Escribió Atahualpa en sus memorias: “Eran estilos de serenos compases, de un claro y nostálgico discurso, en el que cabían todas las palabras que inspiraba la llanura; su trebolar, su monte, el solitario ombú, y el galope de los potros, las cosas del amor ausente. Eran milongas pausadas en el tono de Do Mayor y Mi Menor, modos utilizados por los paisanos para decir las cosas, para narrar con tono lírico los sucesos de las pampas; el canto era la única voz en la llanura. Así, en infinitas tardes, fui penetrando en el canto de las llanuras, gracias a esos paisanos. Ellos fueron mis maestros, ellos y luego multitud de paisanos que la vida me fue arrimando con el tiempo. Cada cual tenía su estilo, cada cual expresaba tocando o cantando los asuntos que la pampa le dictaba (…) Sin yo saberlo, en ese instante hechizado de la recuperación del canto, se estaba delineando en mí corazón el rumbo cabal de mi destino”.

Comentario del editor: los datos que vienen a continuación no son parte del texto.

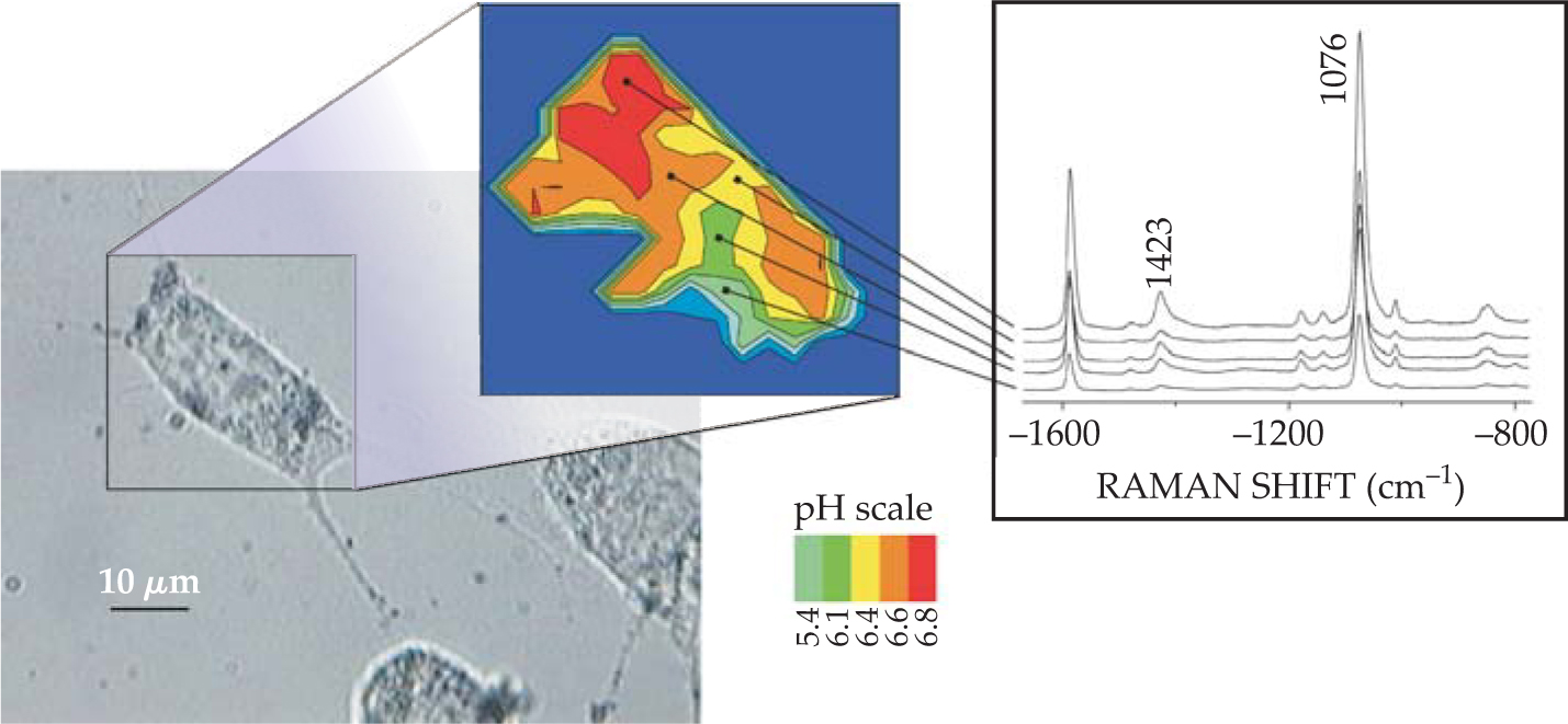 Figure 3. Probing and imaging a live cell filled with gold nanoparticles. Surface-enhanced Raman scattering measures the pH-sensitive spectrum of 4-mercaptobenzoic acid on the gold particles. The relative intensity ratios of the Raman lines at 1423 cm−1 and 1076 cm−1 can be calibrated to the pH levels to map them out in different cellular compartments. Each spectrum was collected in 1 second using 3-mW, 830-nm continuous-wave laser excitation.

Hasta la muerte de Yupanqui, el 22 de mayo de 1992, Suna y Atahualpa intercambiaron epístolas donde reflexionaban sobre el arte y la música, tal como puede leerse en una de las últimas cartas que él le envió a su amiga: “¿Cómo andas? Acabo de ir al cementerio de Montparnasse a llevar flores a los amigos que se fueron, Cortázar, Asturias, Baudelaire, y les dije en voz baja: ‘espérenme’. Al final y al cabo, Suna, la vida es ese espacio extraño que uno elige aun sabiendo que morirá despedazado de amor y de silencio. Te deseo buenos trabajos y ten cuidado con esas tentaciones que ofrece el arte mendigado. Te recordaré como la changuita que vino a Buenos Aires a ver crecer y esquivar, coraje y prudencia. Te abraza, Atahualpa”.